Urteil des LSG Nordrhein-Westfalen, Az. L 8 R 141/09

LSG NRW: somatoforme schmerzstörung, rente, arbeitsmarkt, psychiatrie, berufsunfähigkeit, psychotherapie, fibromyalgie, adipositas, wartezeit, gutachter
Landessozialgericht Nordrhein-Westfalen
Urteil vom 08.12.2010 (nicht rechtskräftig)
Sozialgericht Düsseldorf S 11 R 309/07
Landessozialgericht Nordrhein-Westfalen L 8 R 141/09
Die Berufung der Klägerin gegen das Urteil des Sozialgerichts Düsseldorf vom 07.07.2009 wird zurückgewiesen.
Außergerichtliche Kosten sind auch im Berufungsverfahren nicht zu erstatten.
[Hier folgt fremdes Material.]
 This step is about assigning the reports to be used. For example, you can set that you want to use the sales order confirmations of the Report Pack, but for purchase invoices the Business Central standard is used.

Die Revision wird nicht zugelassen.
Tatbestand:
Die am 00.00.1962 geborene Klägerin begehrt die Gewährung von Rente wegen Erwerbsminderung.
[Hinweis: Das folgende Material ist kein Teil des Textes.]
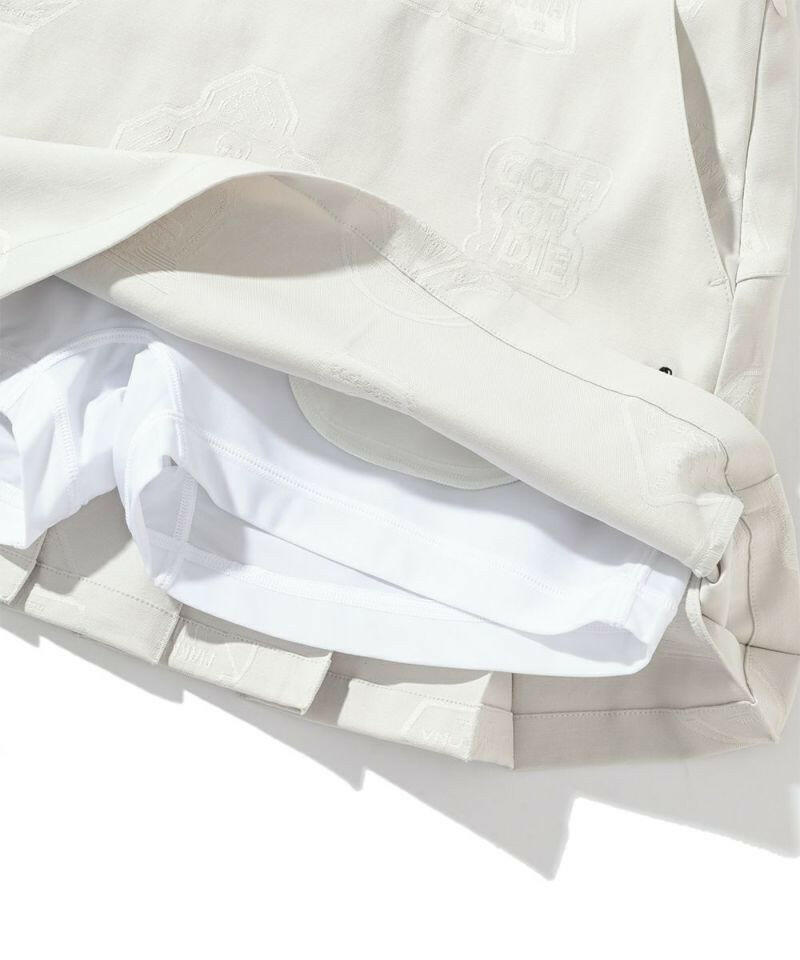 バックパネルのプリーツの上部を切り替えることで、腰まわりが体にフィットし、全体が広がりすぎないシルエットに設定されています。オリジナルワッペンデザインを緻密にジャカードで表現。ストレッチ性があり、ノンストレスでプレーに集中していただけます。左脇ファスナー開きになっており、ウエストにはゴムインベルを使用。耐久性、寸法安定性、着心地のよさを追求しました。ミニ丈でも安心なインナーパンツ付き。

Nach ihren Angaben absolvierte sie eine zweijährige Ausbildung zur Bürokauffrau und war sodann in der Folge mit
vielen Unterbrechungen u. a. als Versuchstierpflegerin, Verkäuferin, Bürokauffrau und zuletzt als
Krankenpflegehelferin sozialversicherungspflichtig beschäftigt. Seit Januar 2006 übt sie keine Tätigkeit mehr aus und
bezieht derzeit Leistungen nach dem SGB II.
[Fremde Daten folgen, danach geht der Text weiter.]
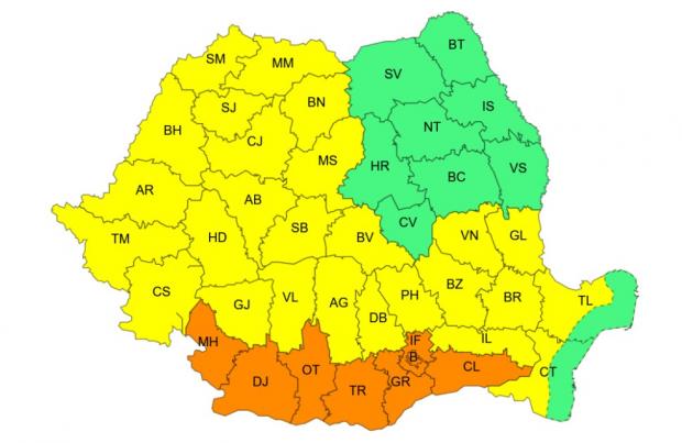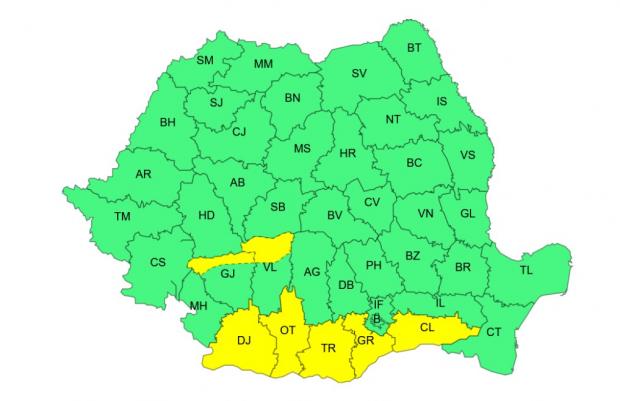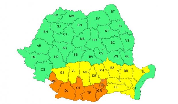 În sudul și vestul Olteniei, precum și în sudul și centrul Munteniei, valul de căldură va persista, va fi caniculă, disconfort termic accentuat, iar indicele temperatură-umezeală (ITU) va depăși pragul critic de 80 de unități. Temperaturile maxime se vor încadra între 37 și 39 de grade. Minimele termice vor fi de 20...22 de grade, astfel că vor caracteriza o noapte tropicală.

Die Beklagte führte für die Klägerin vom 08.08. bis 19.09.2006 eine medizinische Heilmaßnahme in den I-Kliniken in
Bad D durch. Laut dem Entlassungsbericht litt die Klägerin an einer somatoformen Schmerzstörung vom Typ der
Fibromyalgie, einem Zustand nach einer depressiven Episode, einem Wirbelsäulensyndrom sowie einer Adipositas
ersten Grades. Die Klägerin wurde als arbeitsunfähig für ihre zuletzt ausgeführte Tätigkeit als Krankenpflegehelferin
entlassen. Auf dem allgemeinen Arbeitsmarkt sei sie jedoch vollschichtig einsetzbar.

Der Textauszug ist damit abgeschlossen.